While system 100 is illustrated as including specific components, it should be understood that various embodiments may operate using any suitable arrangement and collection of components. For example, system 100 may be employed as a standalone system, collection of systems, or embodied as an application in a system capable of providing numerous other features. In particular embodiments, a sonar system may be combined with a thermal imaging camera system. Other embodiments may also use sonar signals to obtain an image of the active fire flame. Certain embodiments may include suitable environmental and/or atmospheric sensors (e.g., thermometers, bolometers, barometers, and/or water vapor sensors) in order to determine the evolution of the obscured, high temperature environment over time. Such embodiments may facilitate higher resolution distance calculations based on adjustments to the speed of sound given varying environmental conditions. Other embodiments may be employed in mobile platforms, such as mobile search and rescue robots used to assist fire fighters. Particular embodiments may be used by military personnel to visualize and determine distances of remote objects in the field using appropriate sonar signals to characterize environments obscured by fire, smoke, dust, fog, or other particles that may diminish visibility.

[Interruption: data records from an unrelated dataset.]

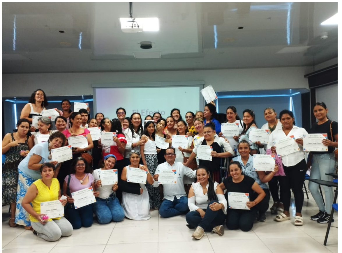
La secretaria de Desarrollo Social e Inclusión, realizó el primer foro dirigido a mujeres con discapacidad y sus cuidadoras, actividad que se enmarca en la programación conmemorativa del mes de mujer.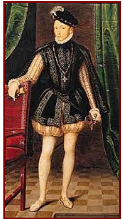
Charles IX Roi de France

Sur le continent Nord-Américain, le « labour day » est férié mais il a lieu le premier Lundi de Septembre.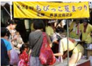
井草北商店会 「ちびっこ夏まつり」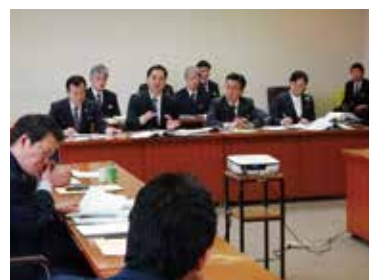
福岡県の 適正利用への 取り組みを調査▶

スマホやタブレットの普及により、児童生徒のネット依存、ネット内でのいじめが問題となっている。不適切な使用を防ぐには生徒の自主的な取り組みを促す、また教員や保護者がネットを理解し、適切に関わることが肝要である。本県の取り組みの現状と課題をどのようにとらえているか。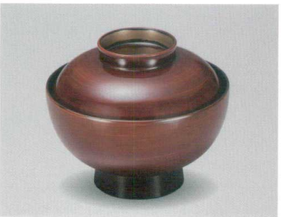
栃 立金 仙才吸物椀 木合 ウ 耐熱

5026-09 ¥2,100 φ12.0×10.0(7.0) 370ml 段無 11-018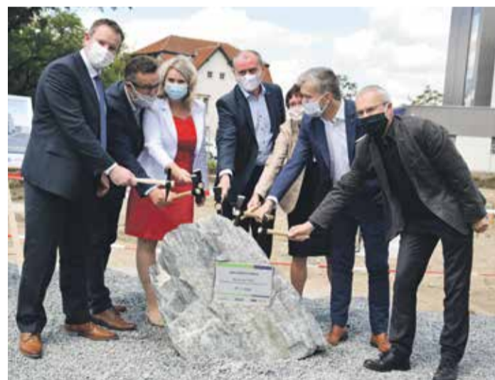
■ Koncem května zástupci nemocnice, Kraje Vysočiny a stavební firmy poklepali na základní kámen a symbolicky tak zahájili přístavbu a rekonstrukci pavilonu.

Stavební práce budou probíhat bez přerušení provozu v několika etapách. Přesně za rok budou předány čtyři hotové sály v nové budově, následně začne rekonstrukce staré budovy a v roce 2022 harmonogram prací počítá s předáním čtyř nových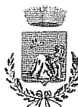
Comune di Monteleone Rocca Doria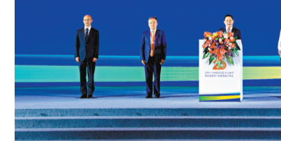
◆8月27日，以「堅持一個中國原則和『九二共識』，共創國家統一和民族復興偉業」為主題的2022年 global 華僑華人促進中國和平統一大會，在成都舉行。大會通過並發表《成都宣言》。

大會通過了《成都宣言》，強調一個中國原則不容挑戰、兩岸關係和平發展不可阻擋、中國必須統一也必然統一、「台獨」分裂逆流必將覆滅、反「獨」促統正義事業必定勝利，只要海內外中華兒女攜手同心、共同奮鬥，中國的完全統一、中華民族的偉大復興，就一定能夠早日實現。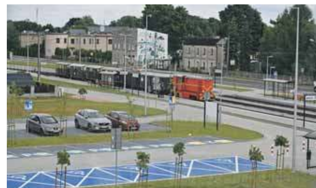
Zmodernizowana stacja jest częścią nowego węzła przesiadkowego wybudowanego przez samorząd Miasteczka Śląskiego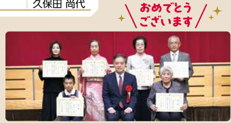
表彰式(11月24日) 区長賞受賞のみなさま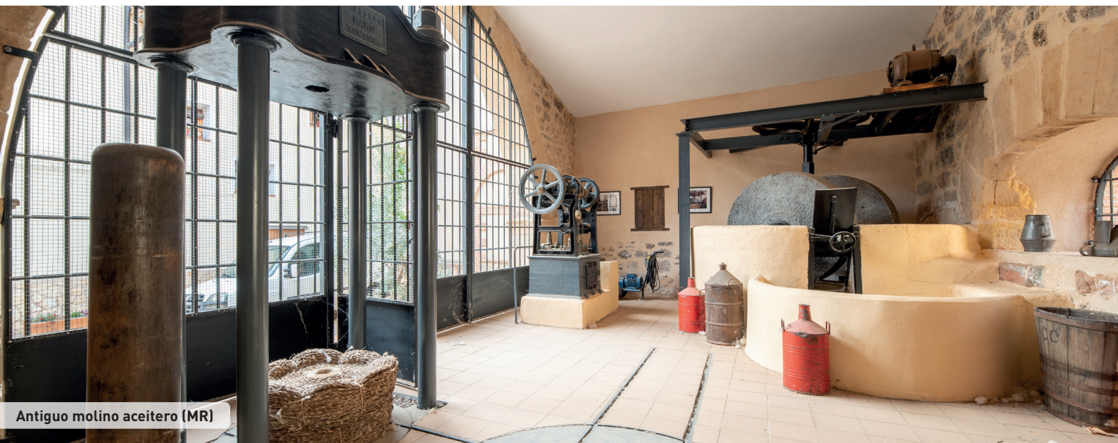
Antiguo molino aceitero (MR)

Berge destaca también por haber integrado mediante su restauración museística la antigua almazara ubicada dentro del casco urbano. Este molino que recibió el nombre de Cooperativa del campo de Berge, se fundó en el año 1948 (hasta entonces sólo funcionaba el molino aceitero de Pallarés, en la actualidad en ruinas), y estuvo en funcionamiento hasta mediados de los años noventa. Fue entonces cuando sus más de cien socios, ante las adaptaciones que en ese momento se exigían, decidieron integrarse en la actual cooperativa de Alcorisa. El espacio restaurado del antiguo molino guarda una parte importante de la historia de Berge, pudiendo visitarse para contemplar la maquinaria conservada que se utilizó en su día y que gracias a esta actuación municipal se mantiene viva en la memoria de sus vecinos.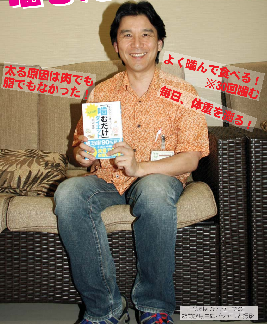
徳洲苑かふう での訪問診療中にパシャリと撮影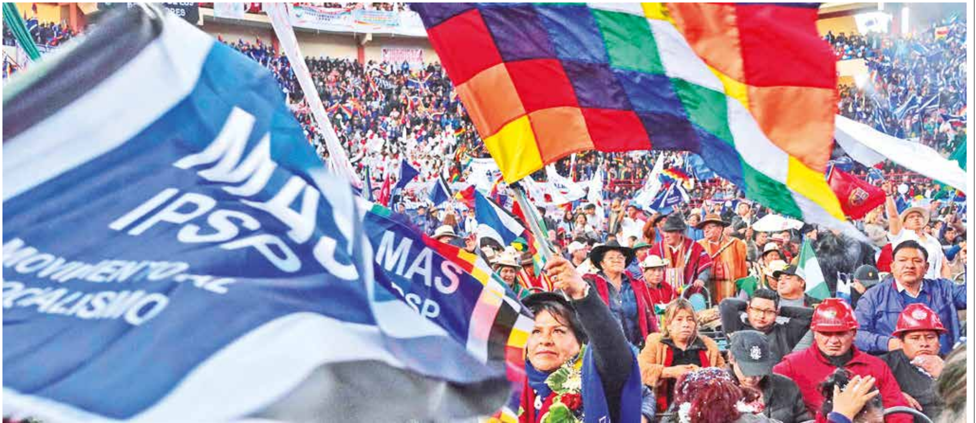
Militantes del Movimiento Al Socialismo (MAS) en el congreso realizado en El Alto.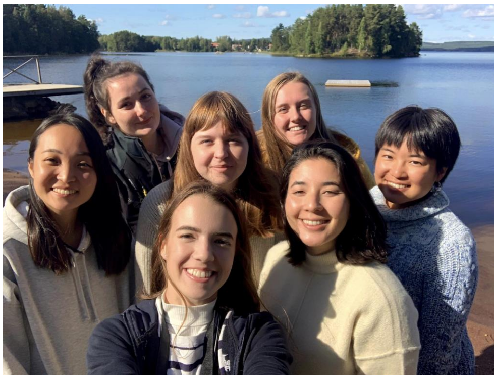
U jezera Varpan ve Falunu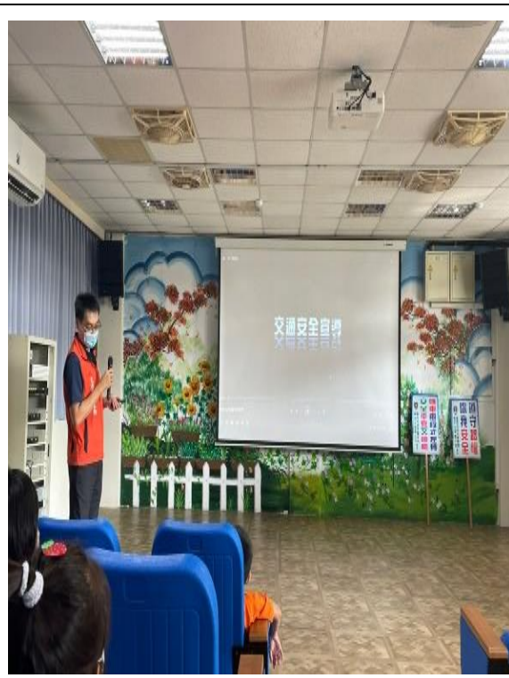
安全教育-警察入校交通安全宣導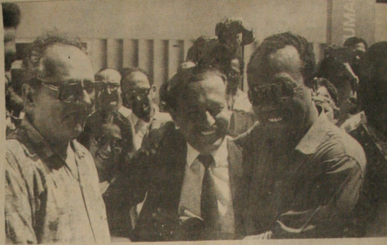
Valadares é recebido pelo governador João Alves no aeroporto.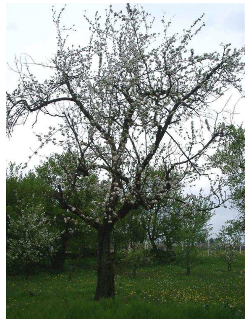
„Heimeldinger“ in der Gemarkung Impflingen/SÜW

Die Sorte war wie zahlreiche andere traditionellen Lokal- und Regionalsorten seit 1919 bei der damaligen Obst- und Weinbauschule Neustadt an der Haardt (der späteren SLFA Neustadt an der Weinstraße, seit Sept. 2003 „Dienstleistungszentrum Ländlicher Raum Rheinpfalz“) im Versuchsanbau. Ende der 1930er Jahre gibt es den letzten Literaturhinweis: Mit vielen anderen Sorten des Versuchsanbaus wurde auch der „Heimeldinger“ als für die damaligen obstbaulichen und ernährungspolitischen Ansprüche untauglich bewertet. Seitdem fehlen jegliche Literaturhinweise auf Anbauversuche und Vorkommen.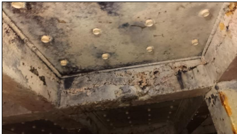
Figura 4 - Laje de fundo falso vista inferior com risco iminente de colapso - Fotos filtro 4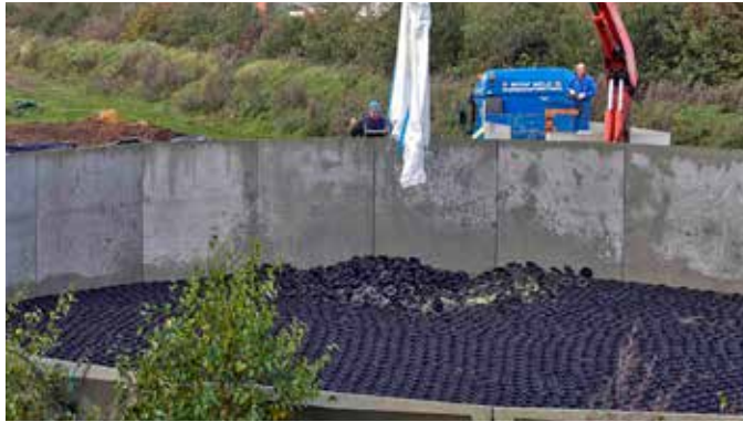
Big Bags: entrega e instalación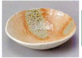
063-10-495 1,650円 オリベ吹平鉢 (17×4.2cm)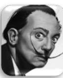
SALVADOR DALÍ (1904-1982)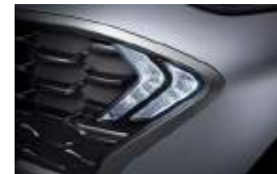
Luces para circulación diurna(DRL) LED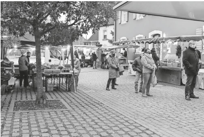
Der Wochenmarkt am Rathaus ist – auch in Zeiten von Corona – nach Ansicht der Bürgerinnen und Bürger ein Pluspunkt für Gottenheim.

Ein attraktiver Ortskern, mehr Einkaufsmöglichkeiten, weniger Autoverkehr, eine gute Radweganbindung, bezahlbare Wohnungen, mehr Angebote für Jugendliche und Senioren, ein lebendiges Vereinsleben und eine naturnahe Landschaft – so stellen sich die Gottenheimer die Zukunft der Gemeinde vor. Insgesamt 531 Bürgerinnen und Bürger haben diese und viele weitere Themen ins Spiel gebracht: Durch die Teilnahme an der Bürgerumfrage auf dem Weg zum Gemeindeentwicklungskonzept „Zukunft Gottenheim“.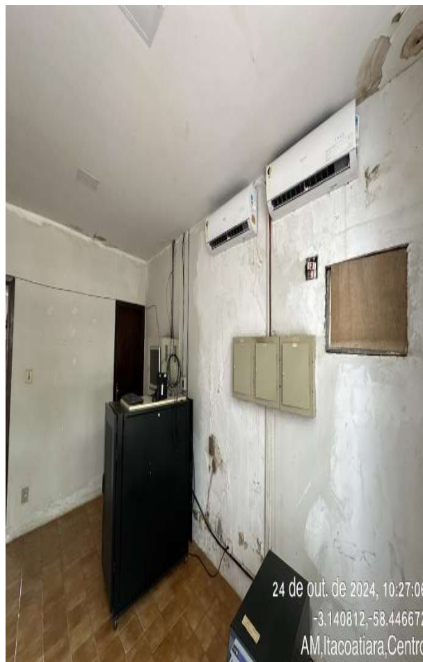
Sala do CPD com infiltrações e mofo

24 de out. de 2024, 10:27:06 -3.140812,-58.446672 AM, Itacoatiara, Centro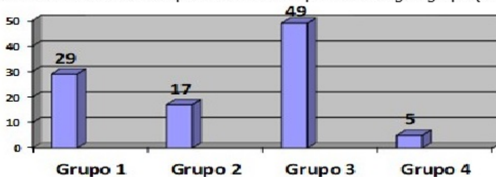
Gráfico 1. Distribución porcentual de los pacientes según grupo (real).

La estratificación de los pacientes de la serie mostró que la mayoría pertenecía al grupo 3 (17 casos, 49 %), que son los que ingresaron por mal control metabólico, o por estado de hiperglucemia aguda no complicada. (Gráfico 1).

Particular embodiments may use suitable sensors of position or movement, such as accelerometers and/or gyroscopes, to measure, calculate, store, and display information regarding position, speed, orientation, angle, or other appropriate information. For example, the teachings of the present disclosure may be combined with systems capable of determining positions in a three-dimensional space, angle of orientation, heading, elevation, and bank (e.g., yaw, pitch, and/or roll). Such additional information may enable a suitable system to provide a user with a comprehensive image of the obscured, high temperature environment as it may change over time and in relation to movement of the system or the user. This additional information may also facilitate determining the location of the flame of an active fire with higher resolution, and further determine how the flame changes over time.
Other embodiments may be employed in a form that can be worn by the user or operate in conjunction with systems used or worn by the user. For example, particular embodiments may be incorporated within or used in conjunction with appropriate headgear, eyewear, or clothing. In some embodiments, appropriate navigation information, including but not limited to information determined according to the teachings of the present disclosure, may be communicated electronically to other systems used or worn by the user such as suitable headgear, eyewear, or clothing, or to remote systems such as a centralized incident command center.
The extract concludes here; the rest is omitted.